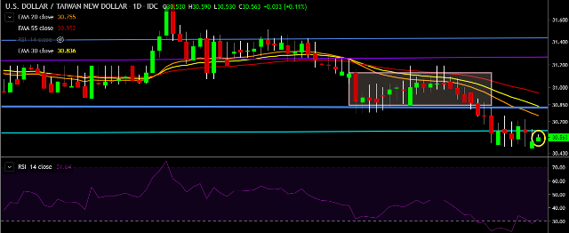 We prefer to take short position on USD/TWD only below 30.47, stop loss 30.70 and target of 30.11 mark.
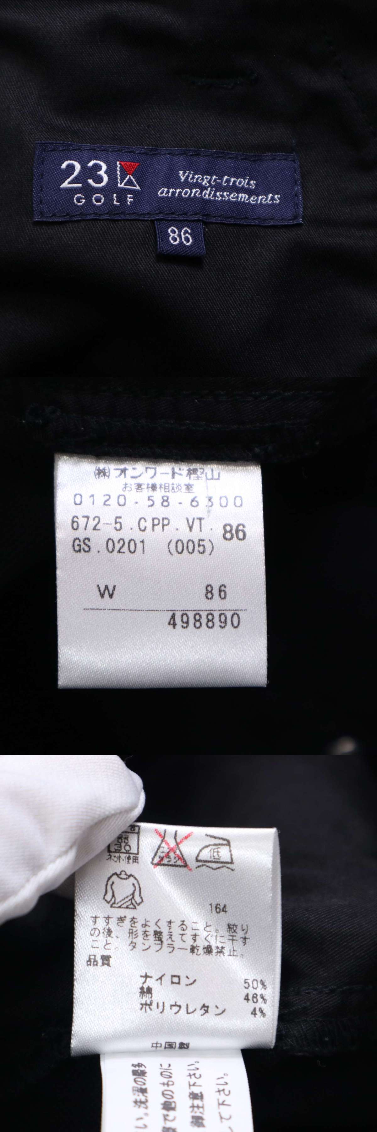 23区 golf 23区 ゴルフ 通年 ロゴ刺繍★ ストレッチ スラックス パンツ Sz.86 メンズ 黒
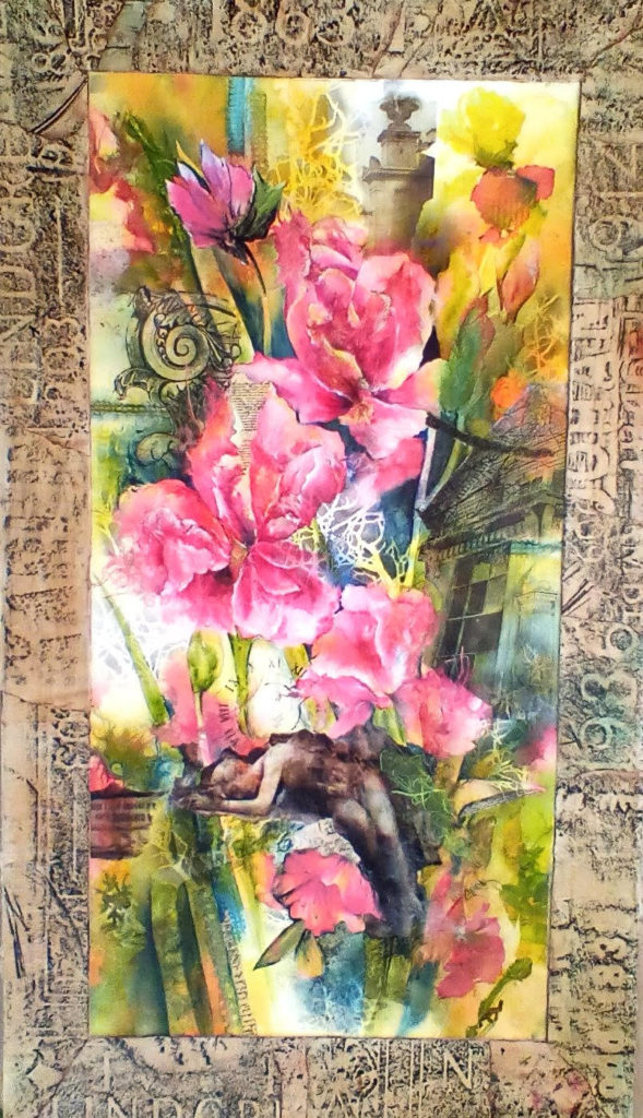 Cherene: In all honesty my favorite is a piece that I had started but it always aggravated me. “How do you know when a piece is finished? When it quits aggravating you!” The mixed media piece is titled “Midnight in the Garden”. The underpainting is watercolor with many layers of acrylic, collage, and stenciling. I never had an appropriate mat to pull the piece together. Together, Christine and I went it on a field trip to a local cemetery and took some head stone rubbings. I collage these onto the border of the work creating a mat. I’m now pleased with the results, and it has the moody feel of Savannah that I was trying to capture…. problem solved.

WHAT YOU WILL DO
Restate the data word for word from its first line through the line with "23区 golf 23区", leaving out any picture along the way.

RESPONSE FOR THIS EXERCISE
 We prefer to take short position on USD/TWD only below 30.47, stop loss 30.70 and target of 30.11 mark.
 23区 golf 23区 ゴルフ 通年 ロゴ刺繍★ ストレッチ スラックス パンツ Sz.86 メンズ 黒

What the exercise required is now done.